Returning to Nebraska, he married Ruby Johnson, a Sutherland teacher, on September 27, 1946. They farmed the Brunner home place in Lexington for a year. It was here that Theodore Herman was born on March 25, 1947. They moved to Sutherland operating the Sutherland Apiaries with E.H. Adee before becoming the sole owner. This apiary served the area and surrounding stores with its honey for 35 years. Two more sons were born here, James Oscar Shuler on April 14, 1948 and Ronald Vernon Shuler on September 30, 1950.

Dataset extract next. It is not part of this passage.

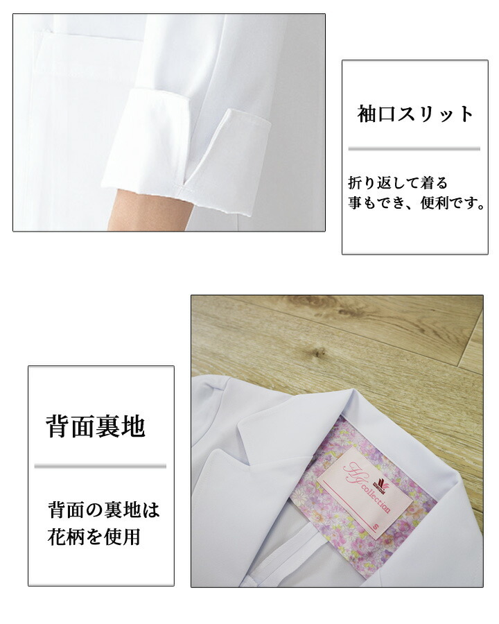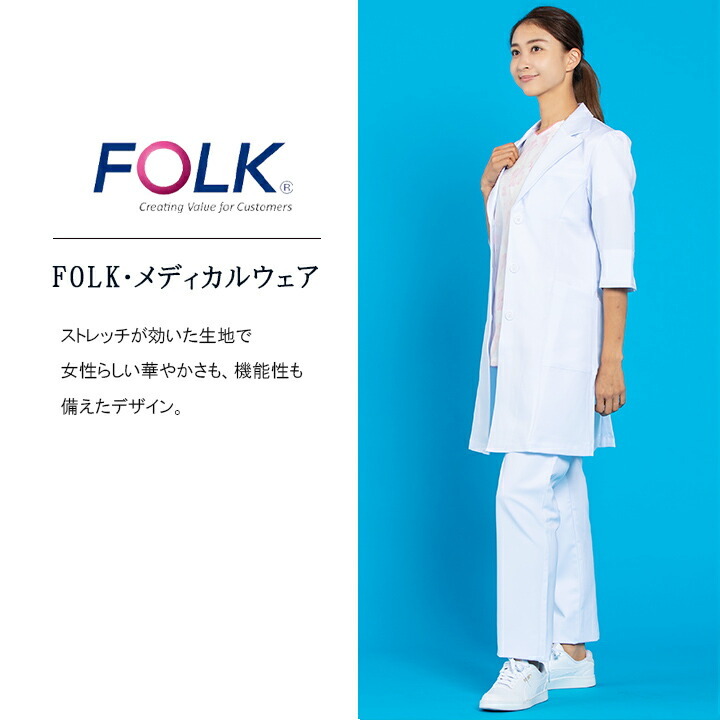 フォーク FOLK 白衣 コート レディース ドクターコート ワコールコート 女性用 医療 医師 薬剤師 通気性 フォーク HI402 ワコール フォーク シングルコート

Cleo Shuler married Lloyd William Peuppka of Sutherland, a former ranch hand on August 24, 1940. They farmed the Shuler farm and Dennis Arnold Peuppka was born on April 29, 1943, followed by the birth of Karen Ann (Peuppka) Wood on October 20, 1944, in the Sutherland Hospital.
After ranching in the Sandhills they moved to the North Platte area where Lloyd farmed and did carpentry. Lloyd later operated a cleaning service and Cleo was employed as a motel clerk. They were residing in North Platte at the time of Lloyd’s death in 1976. In 1983, Cleo, her daughter, Karen, and two grandchildren moved to Ramona, California.
Merna Shuler married Raymond Edward Branting, April 3, 1940. They lived first in North Platte, then Cheyenne and Denver where they both worked in World War II defense plants. They returned to North Platte to remain where Ray was employed by Union Pacific Railroad until his retirement.
Claretta Shuler left Sutherland in 1945 after graduation for a short stay in Denver, returning to North Platte where her mother, Nora Shuler, then resided. She clerked in O’Conner’s Dime Store a few months before leaving for employment with United and TWA airlines in New York. On October 30, 1948, she married Peter P. Laboranti, later moving to Garden City, Long Island, New York, where Darla Marie was born January 19, 1959. In 1983, Claretta and Pete moved to Poway, California, where Pete retired after forty years of service with United Airlines.